(Dataset records)
—————
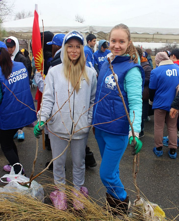 «Волонтеры Победы», представители студенческих и школьных молодежных объединений Киргизии высадили 80 хвойных и лиственных деревьев в память о жертвах Великой Отечественной войны.
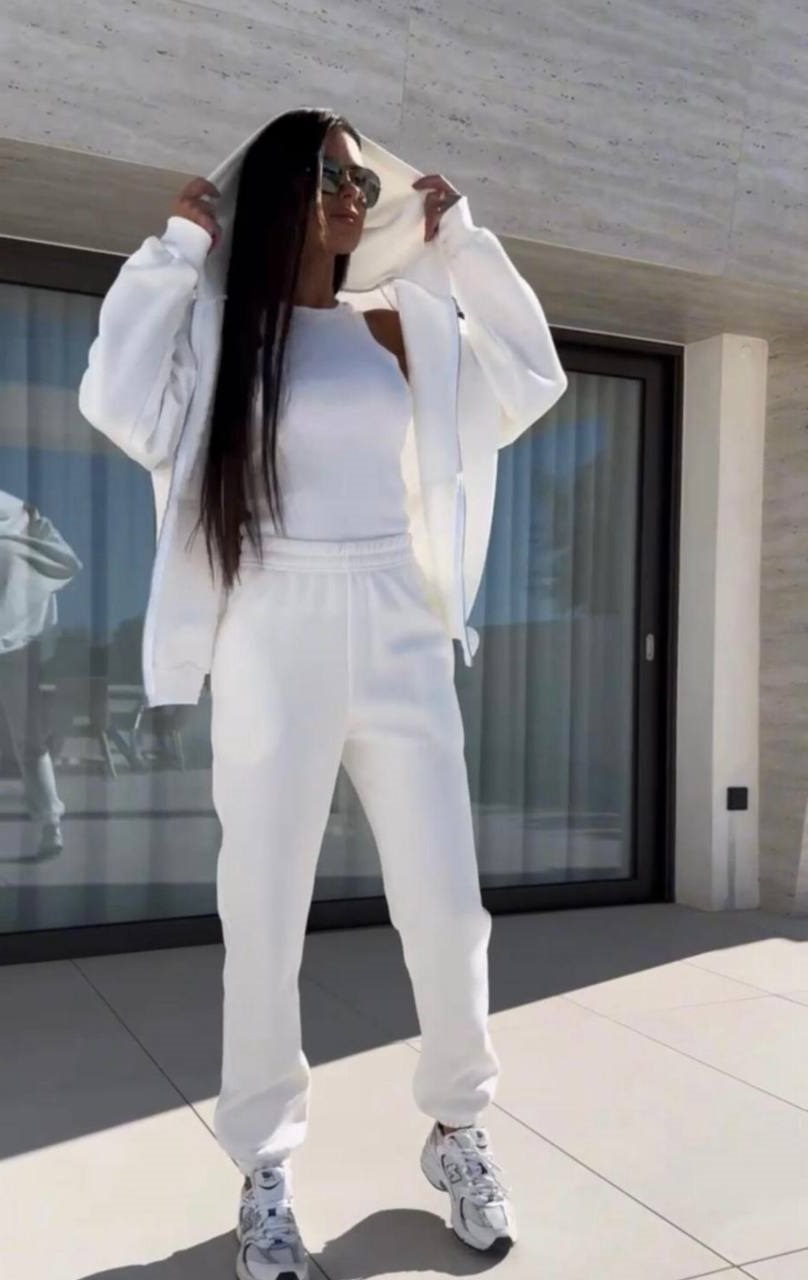Костюм-тройка (брюки+майка+кофта капюшон на молнии) молочный
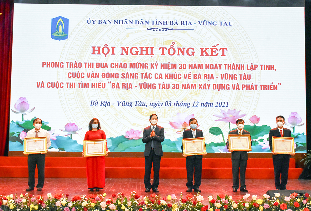 Cũng tại hội nghị, Ban Tổ chức đã trao 3 giải A, 5 giải B, 11 giải C cho những tác giả xuất sắc nhất Cuộc vận động sáng tác ca khúc về BR-VT chào mừng kỷ niệm 30 năm Ngày thành lập tỉnh; trao giải cho 3 tập thể, 37 cá nhân đạt giải Cuộc thi tìm hiểu “BR-VT 30 năm xây dựng và phát triển”.
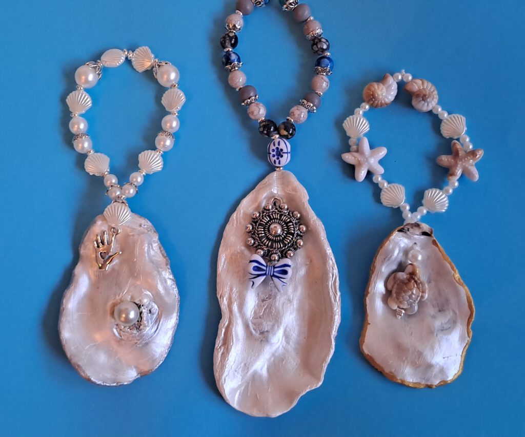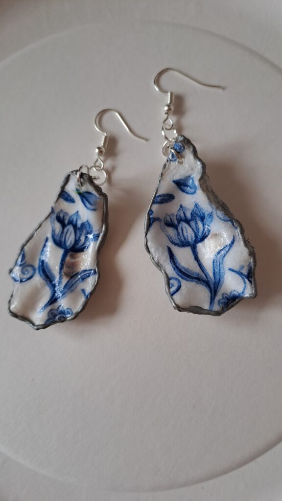 Sinds kort bewerk ik ook Oesterschelpen die ik op ons eiland vind. Soms bewerk ik ze met decoupage servetten, maar ik beschilder ook schelpen. Ik vind het ook leuk om er sieraden van te maken, of andere bruikbare accessoires.
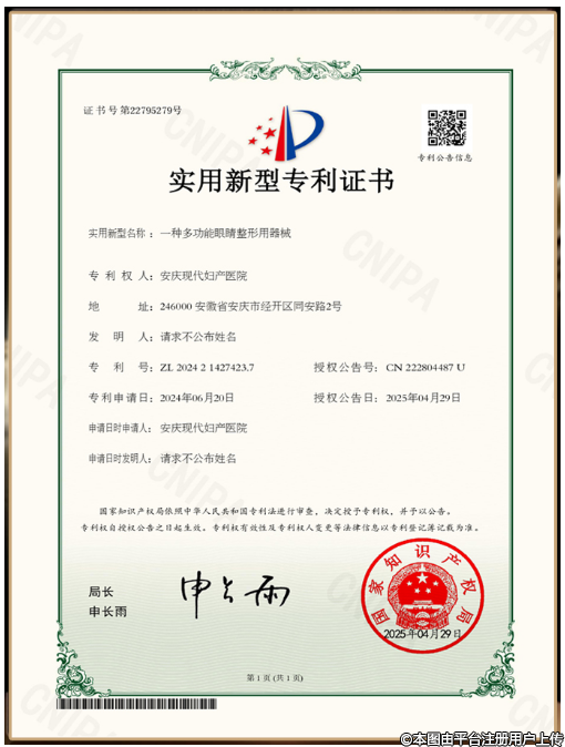 近日,安慶現(xiàn)代婦產(chǎn)醫(yī)院醫(yī)學美容科9°生態(tài)美眼技術(shù)獲得國家專利認證,為本地眼部整形領(lǐng)域帶來新突破,為愛美人士提供了更安全、更自然的雙眼皮整形選擇。
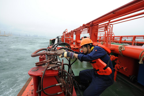 此次中國(guó)海油調(diào)派的“海洋石油252”多功能環(huán)保船于6月22日剛剛交付使用,是國(guó)內(nèi)第一艘采用兩側(cè)內(nèi)置式溢油回收設(shè)備的環(huán)保船,溢油回收效率高,速度快。在大連海上油污清理現(xiàn)場(chǎng),“海洋石油252”首次“亮劍”的出色表現(xiàn)贏得各方人士的一致好評(píng)。
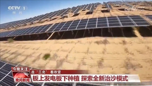 總臺記者 李欣蔓:治沙的腳步不但沒有停,還在不斷探索新的治沙模式?,F(xiàn)在我們看到的是鄂爾多斯一個(gè)已經(jīng)建好、并網(wǎng)發(fā)電的光伏項(xiàng)目,板上發(fā)電,板下種植,一個(gè)空間全方位利用。三重防線,構(gòu)建起了全新的生態(tài)治沙模式。有一個(gè)數(shù)據(jù)值得我們關(guān)注,這里的光伏項(xiàng)目占地39萬畝,與此同時(shí),生態(tài)治理面積也將規(guī)劃完成39萬畝。在國家推進(jìn)光伏治沙項(xiàng)目開發(fā)建設(shè)的進(jìn)程中,我們看到越來越多的企業(yè)參與其中,在發(fā)展新能源產(chǎn)業(yè)的同時(shí)共同擔(dān)負(fù)起治沙的責(zé)任,為一片藍(lán)海,一片綠洲的建設(shè),貢獻(xiàn)更多的力量。
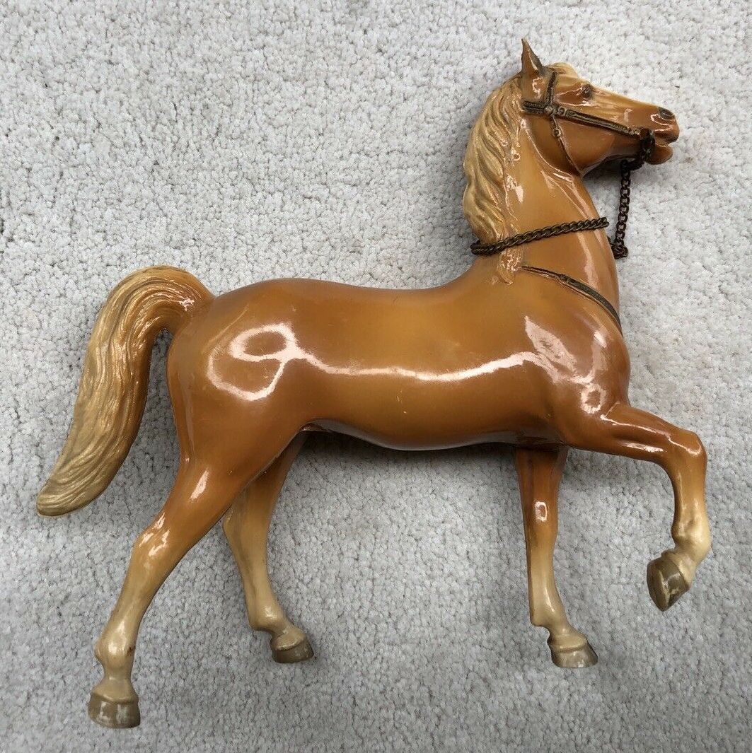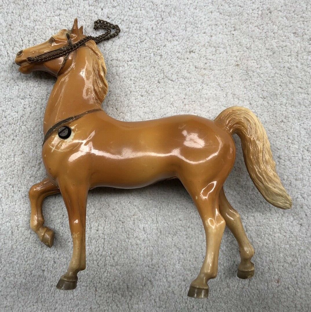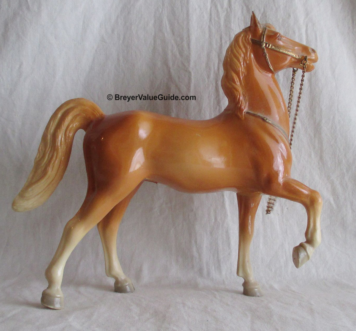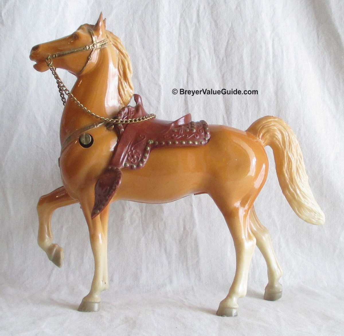 Glossy palomino (same as P43) with music box built in to shoulder. Includes red-brown western saddle. Included Lucky Ranger rigid rider, and possibly the Cowboy rigid rider. Shown without rider. Sears catalog SR
—————
Any pictures are to be skipped, and the lines from the beginning of the entries through the line with "Костюм-тройка (брюки+майка+кофта капюшон" copied exactly.

 «Волонтеры Победы», представители студенческих и школьных молодежных объединений Киргизии высадили 80 хвойных и лиственных деревьев в память о жертвах Великой Отечественной войны.
Костюм-тройка (брюки+майка+кофта капюшон на молнии) молочный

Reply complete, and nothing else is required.